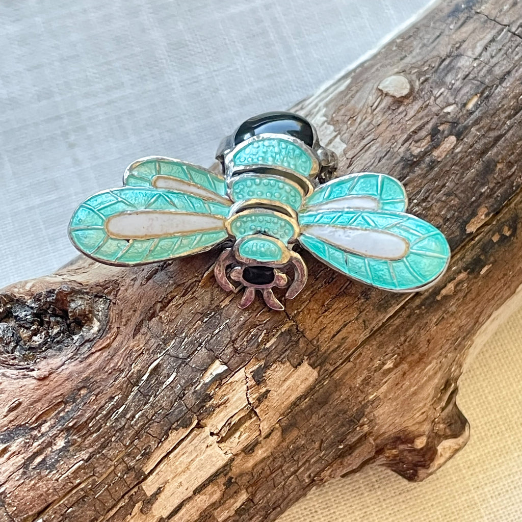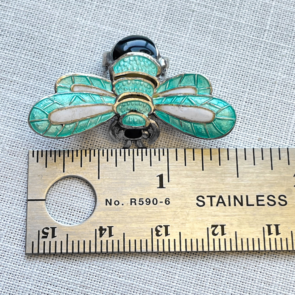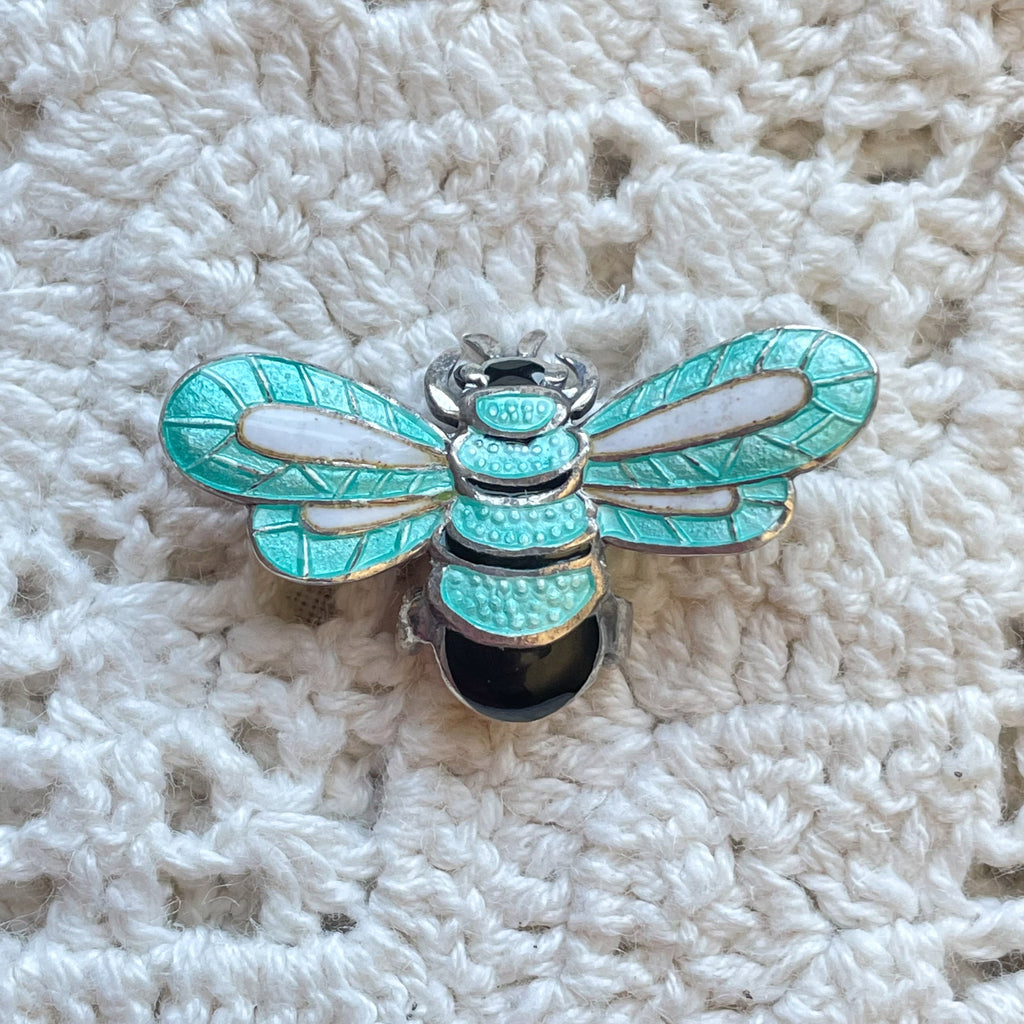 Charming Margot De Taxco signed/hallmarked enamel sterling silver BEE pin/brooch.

--

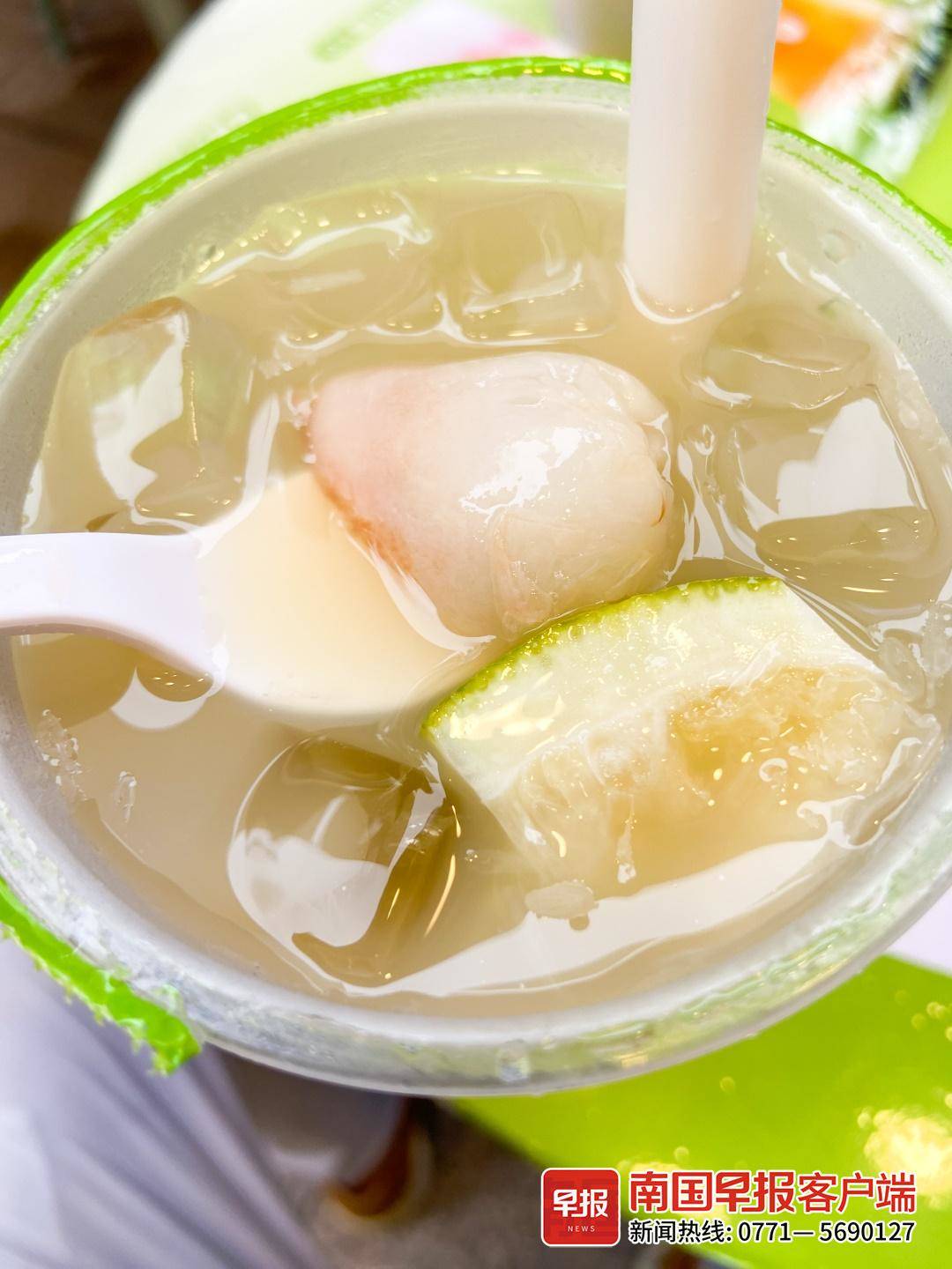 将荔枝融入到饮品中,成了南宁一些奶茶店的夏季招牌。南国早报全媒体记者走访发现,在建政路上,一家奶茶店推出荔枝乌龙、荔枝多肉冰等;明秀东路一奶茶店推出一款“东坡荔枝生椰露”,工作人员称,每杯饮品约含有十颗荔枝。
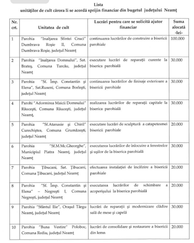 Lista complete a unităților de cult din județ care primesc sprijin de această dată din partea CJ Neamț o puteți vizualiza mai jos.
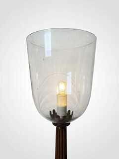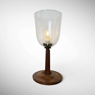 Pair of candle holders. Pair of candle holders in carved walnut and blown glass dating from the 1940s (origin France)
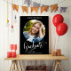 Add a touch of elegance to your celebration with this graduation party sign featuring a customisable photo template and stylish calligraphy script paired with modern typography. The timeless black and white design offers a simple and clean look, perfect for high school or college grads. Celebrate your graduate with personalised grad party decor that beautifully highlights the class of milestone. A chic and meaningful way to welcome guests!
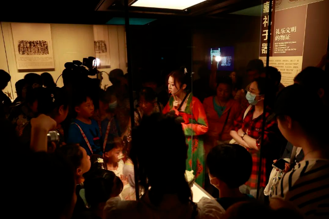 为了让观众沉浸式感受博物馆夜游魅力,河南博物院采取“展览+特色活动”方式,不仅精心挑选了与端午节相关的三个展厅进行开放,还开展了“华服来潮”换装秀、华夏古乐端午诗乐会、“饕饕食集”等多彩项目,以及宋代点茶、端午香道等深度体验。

* * *

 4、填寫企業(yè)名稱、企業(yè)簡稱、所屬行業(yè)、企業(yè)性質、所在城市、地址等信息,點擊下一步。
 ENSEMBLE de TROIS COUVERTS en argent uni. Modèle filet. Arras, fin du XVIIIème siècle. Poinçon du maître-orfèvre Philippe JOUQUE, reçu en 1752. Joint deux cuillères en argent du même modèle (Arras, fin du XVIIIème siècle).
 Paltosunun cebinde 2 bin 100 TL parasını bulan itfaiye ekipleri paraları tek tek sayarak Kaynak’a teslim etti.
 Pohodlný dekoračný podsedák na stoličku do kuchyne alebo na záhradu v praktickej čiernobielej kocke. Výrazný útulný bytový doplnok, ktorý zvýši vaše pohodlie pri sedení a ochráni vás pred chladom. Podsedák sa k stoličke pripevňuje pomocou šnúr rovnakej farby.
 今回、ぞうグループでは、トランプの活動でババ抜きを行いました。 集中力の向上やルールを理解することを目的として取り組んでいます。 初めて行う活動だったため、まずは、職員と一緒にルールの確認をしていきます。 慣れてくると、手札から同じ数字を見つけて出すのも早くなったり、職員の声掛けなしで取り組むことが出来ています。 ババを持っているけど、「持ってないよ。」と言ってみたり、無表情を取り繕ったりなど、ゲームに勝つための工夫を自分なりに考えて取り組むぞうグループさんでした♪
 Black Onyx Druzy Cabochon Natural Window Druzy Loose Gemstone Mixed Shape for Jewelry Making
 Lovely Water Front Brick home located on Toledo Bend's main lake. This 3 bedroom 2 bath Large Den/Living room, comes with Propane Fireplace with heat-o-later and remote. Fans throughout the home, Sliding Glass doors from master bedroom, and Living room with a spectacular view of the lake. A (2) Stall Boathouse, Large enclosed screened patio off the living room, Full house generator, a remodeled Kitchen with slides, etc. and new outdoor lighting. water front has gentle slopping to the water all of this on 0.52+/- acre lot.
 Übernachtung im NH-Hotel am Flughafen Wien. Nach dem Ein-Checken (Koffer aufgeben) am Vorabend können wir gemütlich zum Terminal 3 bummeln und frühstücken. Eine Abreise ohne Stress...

**ASSIGNED TASK**
Reproduce word for word the material above, starting with the line that has "Paltosunun cebinde 2" and stopping after the line that has "Pohodlný dekoračný podsedák".

**REPLY TO THE EXERCISE**
 Paltosunun cebinde 2 bin 100 TL parasını bulan itfaiye ekipleri paraları tek tek sayarak Kaynak’a teslim etti.
 Pohodlný dekoračný podsedák na stoličku do kuchyne alebo na záhradu v praktickej čiernobielej kocke. Výrazný útulný bytový doplnok, ktorý zvýši vaše pohodlie pri sedení a ochráni vás pred chladom. Podsedák sa k stoličke pripevňuje pomocou šnúr rovnakej farby.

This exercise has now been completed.